Daniel smiled and let his hand drop. ‘Damn the man,’ he said, without an ounce of violence. ‘Even now he is developing the instincts of a brother.’

He was right. For it was Fergal, in the end, who saw me safely up the stairs that night and checked in all the corners of my room before he left me, and stood waiting in the corridor until I’d put the key into the padlock he had given me and turned it to secure the latch.

And next morning it was Fergal and not Daniel who instructed me on how to do my hair.

He brought a looking-glass and pins into my bedroom, sat me down beside the window, and with hands that were surprisingly adept and gentle, showed me how to wind the strands in curls and pin them into place.

I asked him, ‘Is there anything you can’t do, Fergal?’
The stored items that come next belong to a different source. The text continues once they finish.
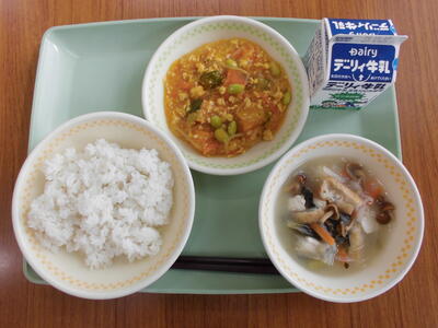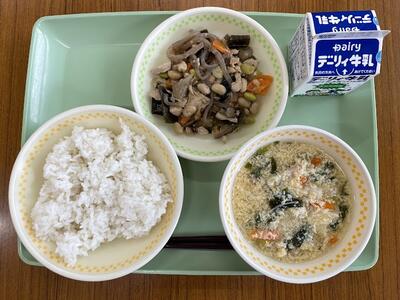 麦ごはん、牛乳、なめこのみそ汁、かぼちゃのそぼろ煮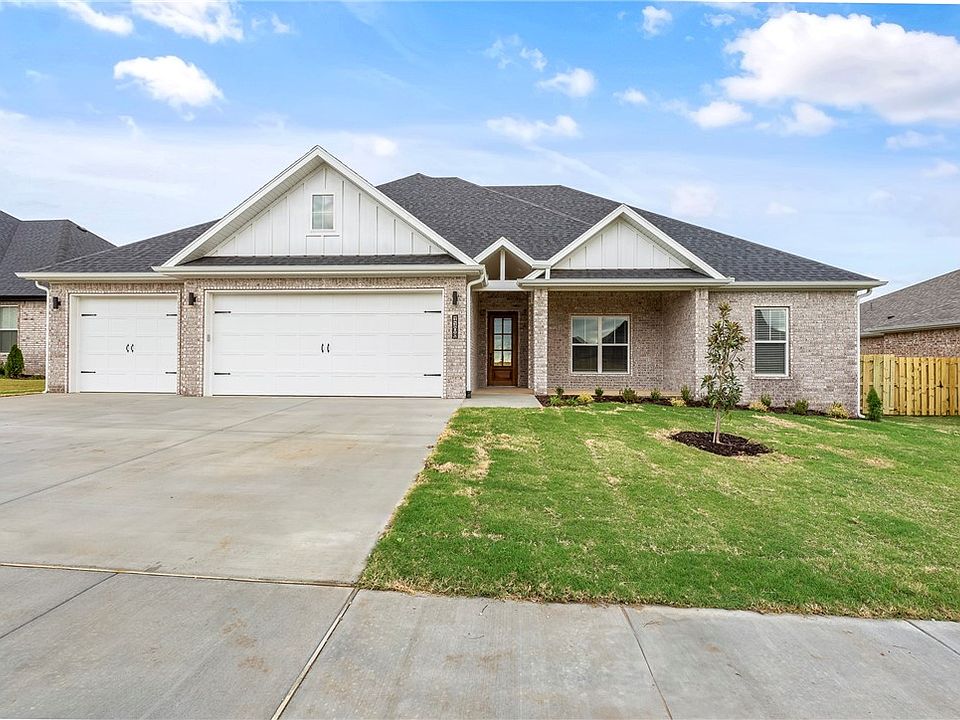 Another Seay Construction beauty! Features 4 bedrooms, 3 full baths and 3 car garage. Features open floor plan with upgraded trim package, wood floors, 3 cm granite,gas stove with built in oven and microwave. Built ins include the cubbies to drop jackets, backpacks, etc and built ins on side of the fireplace. There is storage galore in this home. The pantry and primary bedroom closets are huge. The subdivision has community pool. Taxes are not assessed on the home yet. Conveniently located across from Pea Ridge High School with easy access to all of NW Arkansas.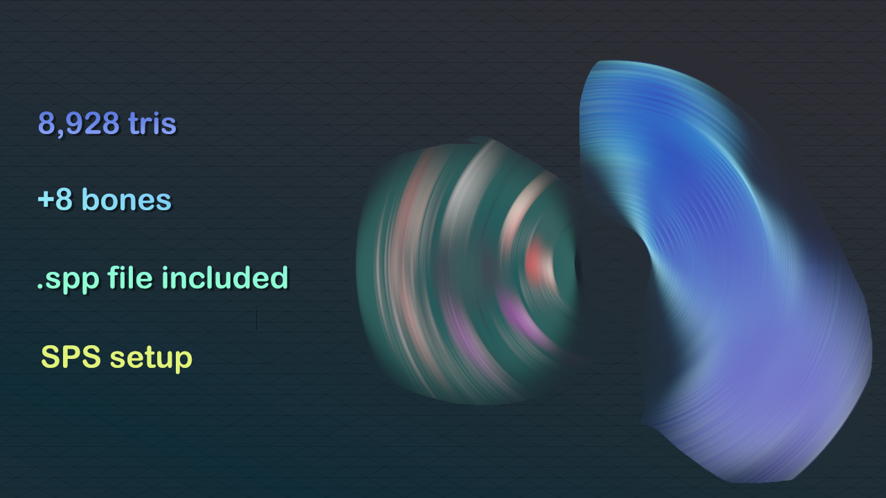 To install, be sure you have VRCFury and wholesome SPS installed in your Unity project, then place the "Hips" bone on your avatar. SPS plug is already pre-setup. .spp file included.

‘Likely not.’ He’d moved to stand behind me and I saw him now reflected in the looking-glass that I was holding, with his head bent, concentrating. ‘Though I’ll have to warn you this may not be in the latest fashion. I’ve not done this for some years, and even then I doubt I did it well. Ann used to say I made her look more like an ill-made bird’s nest than a lady.’

‘Ann?’

He’d caught himself, and in the mirror his eyes briefly flicked to mine, then down again. ‘Ay.’

‘Daniel’s wife?’

‘Ay.’ Silence for a moment, then, ‘When she grew too ill near the end to attend to her own hair I helped her, for she was determined that he would not see her as less than she wanted to be.’

I was holding the hairpins. I fingered one thoughtfully. ‘Was she ill for long?’

‘Ay, for some months. It started as a cough that would not leave her, and it wasted her away, and by the summer’s end we’d lost her.’

I was silent in my turn, because essentially that was how I had lost Katrina too. I knew the pain of it.

‘He’ll have my head for telling you,’ said Fergal.

‘Fergal?’

‘Ay?’

‘Could you… could you do my hair a little differently than you did hers?’

His hands stopped, and again his eyes met mine within the mirror for an instant and he nodded understanding. ‘I was thinking that myself, I was. Come, put that glass down and I’ll teach you how to do this back part, for we’ll not be fooling Jack for long if I’m here in your chamber every morning doing this.’

‘Where is Jack?’

‘He’s gone to fetch the horses back. Whenever we’re away we loose the horses in the paddock at Penryth where there’s a farmer who can see they’re fed and watered.’

I hadn’t even thought of the horses. They might have been starving in their stalls within the stable, and I wouldn’t have known. But when I confessed as much Fergal just said, ‘Well, you had other worries, I expect. And no harm done.’

I barely recognized myself when we had finished. All my hair had been piled up and fastened daintily, making a circlet on top of my head with a few curls escaping as though by pure chance. ‘I’ll never be able to do this myself.’

‘Ay, you will,’ Fergal told me. ‘’Tis nothing to facing down Constable Creed. Now then, put your pinner on your head,’ he said, handing me a modest-looking cap of soft white linen, ‘and we’re done with this fussing and on to the next of your lessons.’

‘What next lesson?’

‘’Tis sure any sister of mine should know how to cook mutton without setting fire to it, and at the least, how to season a stirabout. Our ma,’ he informed me, straight-faced, ‘would be scandalized.’